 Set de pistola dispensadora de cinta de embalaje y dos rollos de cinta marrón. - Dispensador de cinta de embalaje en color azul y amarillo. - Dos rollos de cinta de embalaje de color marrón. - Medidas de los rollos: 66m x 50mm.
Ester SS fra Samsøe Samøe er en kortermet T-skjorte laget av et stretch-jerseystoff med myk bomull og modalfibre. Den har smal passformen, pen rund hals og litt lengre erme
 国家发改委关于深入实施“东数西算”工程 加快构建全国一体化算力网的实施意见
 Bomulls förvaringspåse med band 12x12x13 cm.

******************************

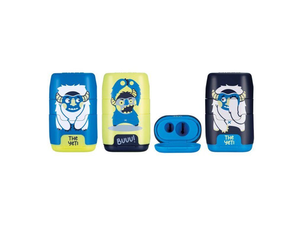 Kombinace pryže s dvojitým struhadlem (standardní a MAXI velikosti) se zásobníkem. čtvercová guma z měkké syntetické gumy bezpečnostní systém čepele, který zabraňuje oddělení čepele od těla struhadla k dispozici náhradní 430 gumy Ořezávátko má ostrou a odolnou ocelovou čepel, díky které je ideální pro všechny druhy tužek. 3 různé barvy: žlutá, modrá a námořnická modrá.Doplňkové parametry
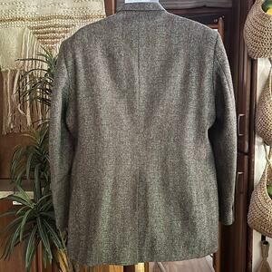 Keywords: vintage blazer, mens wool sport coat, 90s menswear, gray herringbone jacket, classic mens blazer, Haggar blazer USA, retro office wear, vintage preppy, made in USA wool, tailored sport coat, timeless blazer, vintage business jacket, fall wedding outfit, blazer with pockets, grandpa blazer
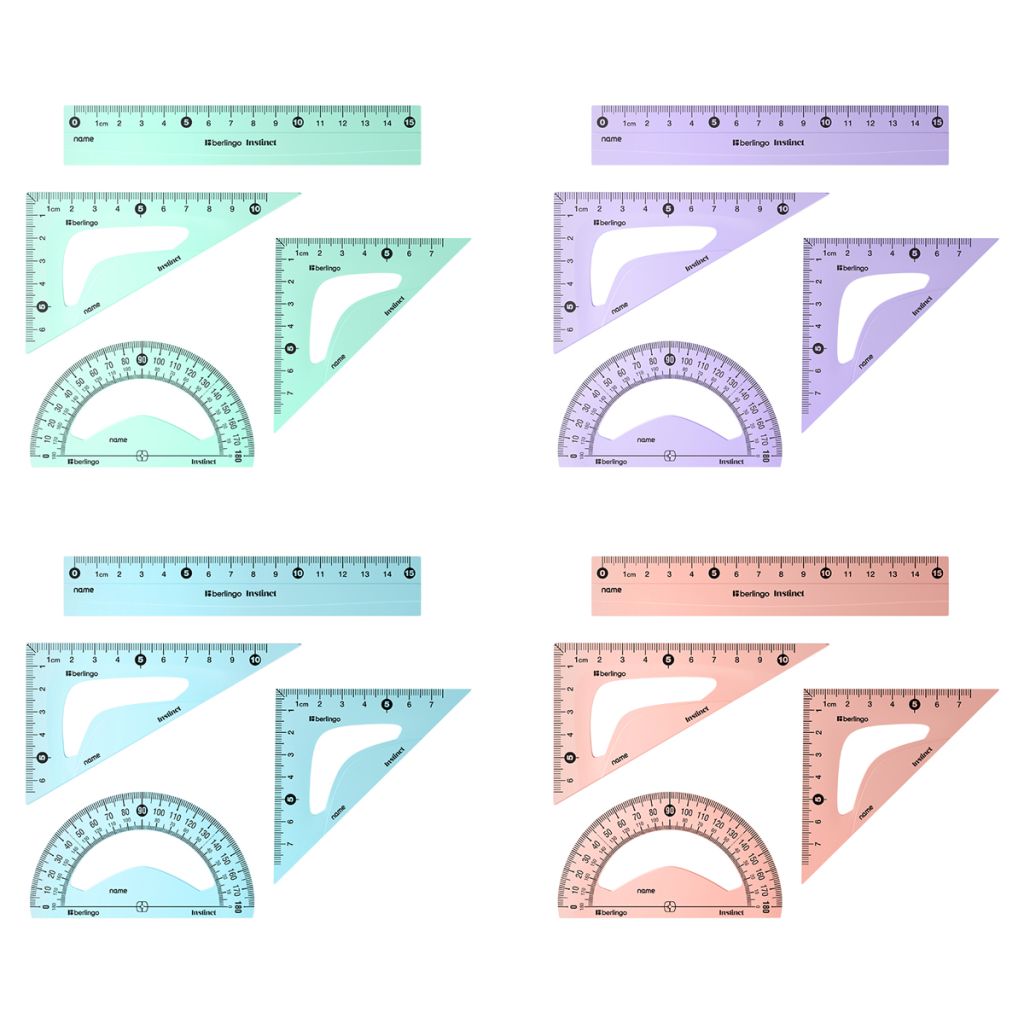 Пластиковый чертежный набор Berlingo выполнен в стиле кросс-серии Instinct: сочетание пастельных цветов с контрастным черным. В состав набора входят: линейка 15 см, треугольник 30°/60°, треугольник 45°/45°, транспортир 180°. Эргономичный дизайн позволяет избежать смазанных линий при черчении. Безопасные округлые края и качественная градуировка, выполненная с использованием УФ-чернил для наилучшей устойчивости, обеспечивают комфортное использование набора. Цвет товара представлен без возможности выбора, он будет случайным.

******************************

● Your goal: From the listing above, restate verbatim the lines running from the one with "Kombinace pryže s" through the one with "Пластиковый чертежный набор", inclusive, but not the pictures.

● Answer for the task:
 Kombinace pryže s dvojitým struhadlem (standardní a MAXI velikosti) se zásobníkem. čtvercová guma z měkké syntetické gumy bezpečnostní systém čepele, který zabraňuje oddělení čepele od těla struhadla k dispozici náhradní 430 gumy Ořezávátko má ostrou a odolnou ocelovou čepel, díky které je ideální pro všechny druhy tužek. 3 různé barvy: žlutá, modrá a námořnická modrá.Doplňkové parametry
 Keywords: vintage blazer, mens wool sport coat, 90s menswear, gray herringbone jacket, classic mens blazer, Haggar blazer USA, retro office wear, vintage preppy, made in USA wool, tailored sport coat, timeless blazer, vintage business jacket, fall wedding outfit, blazer with pockets, grandpa blazer
 Пластиковый чертежный набор Berlingo выполнен в стиле кросс-серии Instinct: сочетание пастельных цветов с контрастным черным. В состав набора входят: линейка 15 см, треугольник 30°/60°, треугольник 45°/45°, транспортир 180°. Эргономичный дизайн позволяет избежать смазанных линий при черчении. Безопасные округлые края и качественная градуировка, выполненная с использованием УФ-чернил для наилучшей устойчивости, обеспечивают комфортное использование набора. Цвет товара представлен без возможности выбора, он будет случайным.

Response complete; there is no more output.